First, we visited the main shop on Yachimun-dori. The company has multiple shops located within walking distance.
Inside the spacious main store, you can find a variety of pottery in many different styles as well as Ryukyu glass. There are also beautifully handcrafted shisa on sale. The pottery used at our hotel can be found here.
After visiting the main store, we headed to Etha, a quaint cafe featuring Ikutouen’s handcrafted tableware. It’s a great spot for an afternoon tea in between strolling around Yachimun-dori.
Then we headed to nan*ne, a cafe and shop selling handcrafted goods from around Japan.
After seeing where the products end up on sale, we headed to the beginning of the pottery-making process by visiting Ikutouen’s workshop, where we spoke to craftsmen about how they make their products.
Pottery Making Process
The process of making pottery follows a few simple steps:
1. Decide which clay to use
The process of making the pottery depends on what type of clay is used, since red clay is courser and is often used for hand-building pottery and sculptural work while white clay is smoother and is more suited for high-quality ceramic art and delicate figurines. They are also fired at different temperatures, since red clay is fired at lower temperatures ranging from 1800 to 2100 degrees while white clay is fired at higher temperatures exceeding 2300 degrees. Tsuboya Ikutouen has multiple kilns that operate at different temperatures.
2. Mold it on the wheel (5-15 min. depending on the product)
Once the type of clay is selected, then the pottery is molded on the wheel, a process that takes 5 to 15 minutes depending on what kind of tableware is being made.

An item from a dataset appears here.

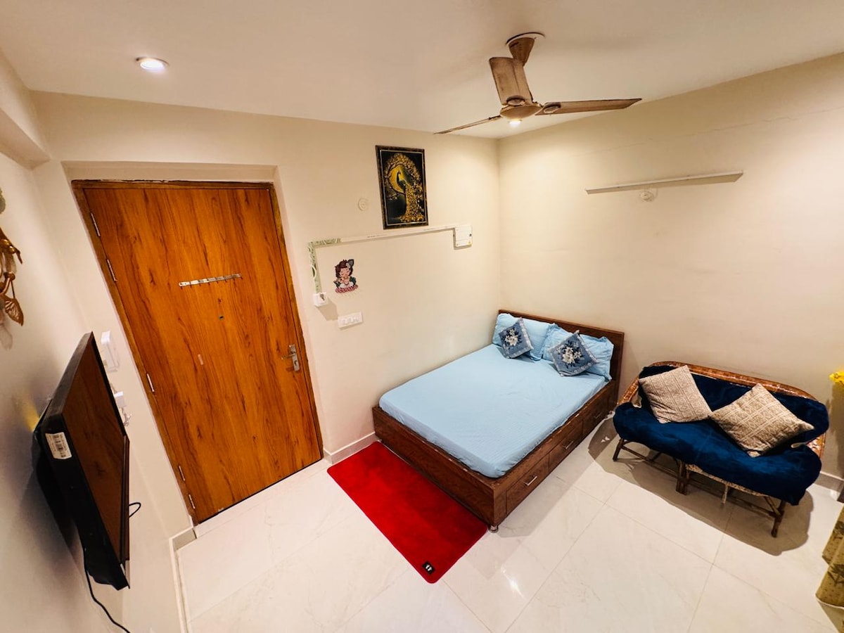 A peaceful 1BHK stay just 1 KM from Prem Mandir đ¸ Enjoy serene views of Prem Mandir and Char Dham from the balcony, along with one of the best sunsets in Vrindavan. The home offers peace, comfort and a dedicated meditation space for a soulful stay. Perfect for families, couples and groups to relax and soak in the divine energy of Braj. đ Note: Two-wheeler đľ is available on rent in the property parking for easy local travel.

Before it is fired in the kiln it looks much larger than the final product.
3. Add decorations
Okinawan pottery is known for its distinctive decoration styles and artists at Tsuboya Ikutouen use a variety of methods to embellish their pieces. Their pottery’s colorful glazes feature intricate patterns, often featuring motifs inspired by nature, such as waves, flowers, and fish. These patterns are meticulously painted by hand, requiring precision and creativity.
4. Fire it in the kiln
Firing is a crucial step in pottery-making. The pottery is placed in a kiln and the firing process is carefully controlled to achieve the desired finish. In Okinawan pottery, two types of firing are common: “yakishime,” which is a high-temperature unglazed firing, and “yohen,” which involves glazing and re-firing at lower temperatures. Each firing method imparts unique characteristics to the pottery.
5. Glaze it if necessary
For pieces that require glazing, artisans apply a glaze made from local materials to enhance the pottery’s beauty and durability. The glaze can be clear or colored and it is carefully applied to achieve the desired effect.
6. Fire it in the kiln again
Depending on the oxygen flow of the kiln, the color of the pottery changes. The product is fired in the kiln until the desired color is achieved.
7. Fix the parts that are cracked or go over it with white clay
White clay is more rare and expensive and is used to add finishing touches. The pieces are polished to a smooth, glossy finish. This meticulous attention to detail ensures that each piece is of the highest quality.
Tsuboya Ikutouen Pottery is dedicated to preserving the traditions of Okinawan pottery-making. They often host workshops and demonstrations, allowing visitors to experience the art form firsthand and learn about the cultural significance of this craft. You can make your own shisa at their dojo, which is about a 5-minute walk from the main Tsuboya Pottery Kiln Ikutouen.
In the end, the process of making pottery at Tsuboya Ikutouen Pottery is a labor-intensive and artistic endeavor that involves a deep connection to Okinawan culture and tradition. By visiting their shops or participating in their workshops, you can learn about the care and tradition that goes into creating these cherished cultural products. We hope you can spot their products featured at our hotel!